(Records from a collection)
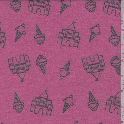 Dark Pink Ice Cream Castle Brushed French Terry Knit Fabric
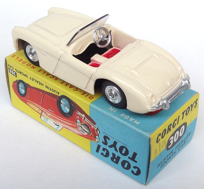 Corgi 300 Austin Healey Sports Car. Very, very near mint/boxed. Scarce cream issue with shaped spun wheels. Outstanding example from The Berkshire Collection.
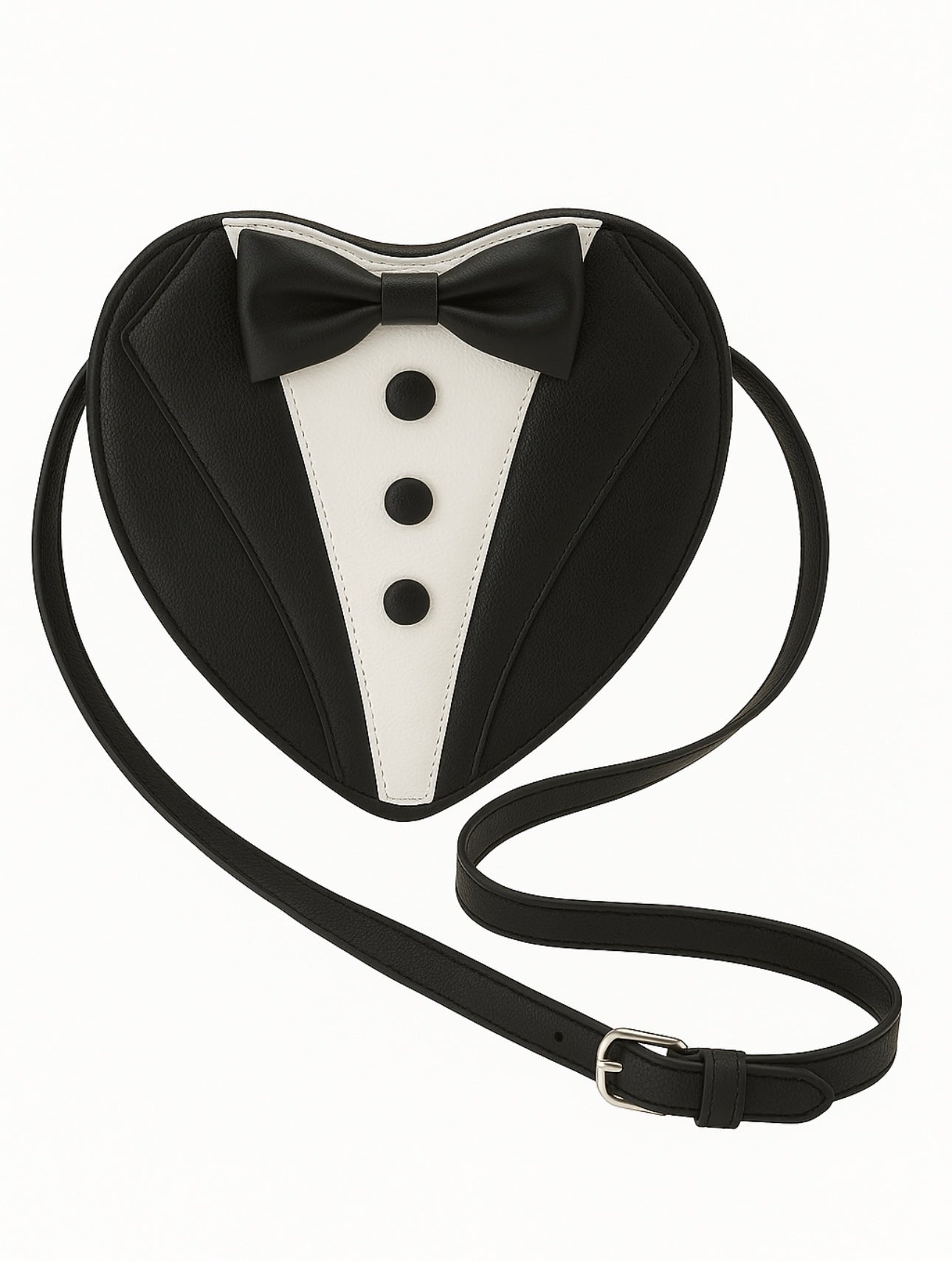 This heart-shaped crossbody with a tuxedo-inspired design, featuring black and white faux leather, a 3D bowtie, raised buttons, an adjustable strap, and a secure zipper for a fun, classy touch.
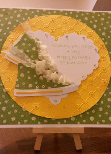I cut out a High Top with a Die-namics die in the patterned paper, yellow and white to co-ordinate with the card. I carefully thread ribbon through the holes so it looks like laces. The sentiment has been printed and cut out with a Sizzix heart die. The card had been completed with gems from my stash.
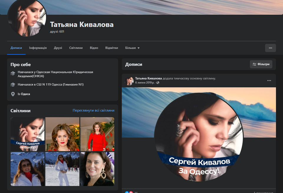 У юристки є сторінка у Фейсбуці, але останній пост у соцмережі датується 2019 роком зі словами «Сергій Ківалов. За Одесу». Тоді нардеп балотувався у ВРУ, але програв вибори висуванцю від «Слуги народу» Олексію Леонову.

### Exercise objective
Could you repeat, exactly and with nothing added, the lines from the top of the entries above through the line that holds "I cut out a", leaving out any pictures?

### Finished exercise
 Dark Pink Ice Cream Castle Brushed French Terry Knit Fabric
 Corgi 300 Austin Healey Sports Car. Very, very near mint/boxed. Scarce cream issue with shaped spun wheels. Outstanding example from The Berkshire Collection.
 This heart-shaped crossbody with a tuxedo-inspired design, featuring black and white faux leather, a 3D bowtie, raised buttons, an adjustable strap, and a secure zipper for a fun, classy touch.
I cut out a High Top with a Die-namics die in the patterned paper, yellow and white to co-ordinate with the card. I carefully thread ribbon through the holes so it looks like laces. The sentiment has been printed and cut out with a Sizzix heart die. The card had been completed with gems from my stash.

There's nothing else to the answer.